Hi Michele and others, I am trying to implement the approach bellow to resolve AMDGPU's hang when commands are stuck in pipe during process exit.

I noticed that once I implemented the file_operation.flush callback  then during run of X, i see the flush callback gets called not only for Xorg process but for other

processes such as 'xkbcomp' and even 'sh', it seems like Xorg passes his FDs to children, Christian mentioned he remembered a discussion to always set FD_CLOEXEC flag when opening the hardware device file, so

we suspect a bug in Xorg with regard to this behavior.

Any advise on this would be very helpful.


On 05/02/2018 07:48 AM, Christian König wrote:
I suggest the following approach:
1. Implement the flush callback and call the function to wait for the scheduler to push everything to the hardware (maybe rename the scheduler function to flush as well).

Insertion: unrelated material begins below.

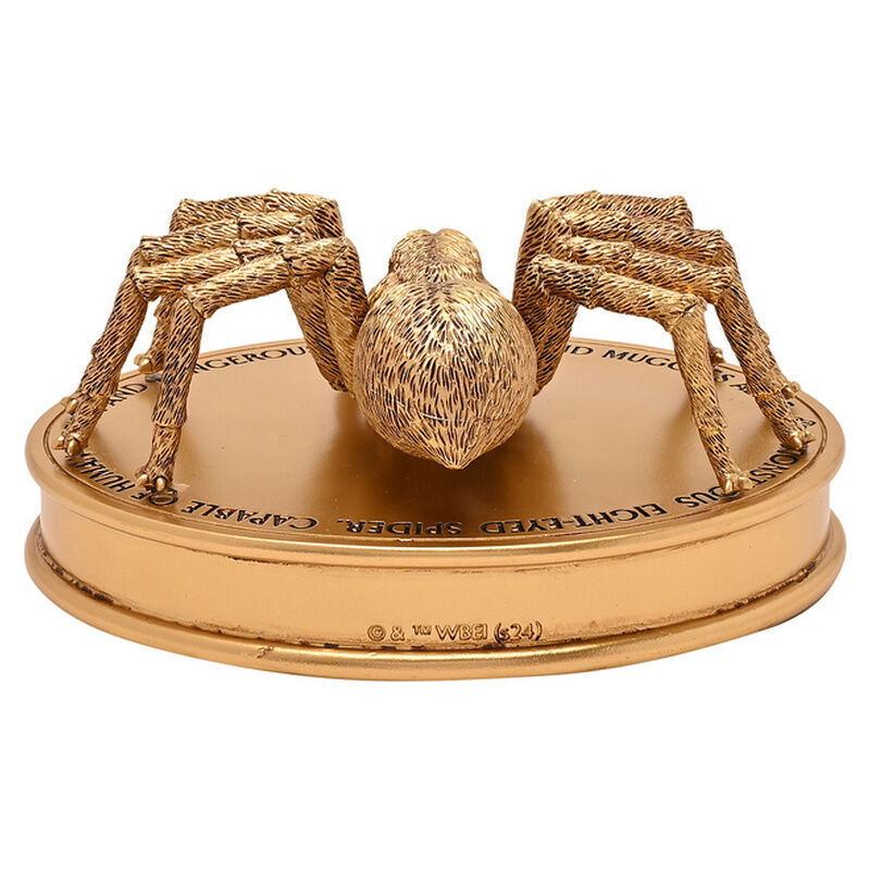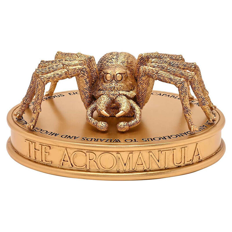- Con detalles intrincados y un acabado en tono dorado, esta figura de Aragog se asienta sobre una base con la inscripción "La Acromántula".

2. Change the scheduler to test for PF_EXITING, if it's set use wait_event_timeout() if it isn't set use wait_event_killable().

When the wait times out or is killed set a flag so that the _fini function knows that. Alternatively you could cleanup the _fini function to work in all cases, e.g. both when there are still jobs on the queue and when the queue is empty. For this you need to add something like a struct completion to the main loop to remove this start()/stop() of the kernel thread.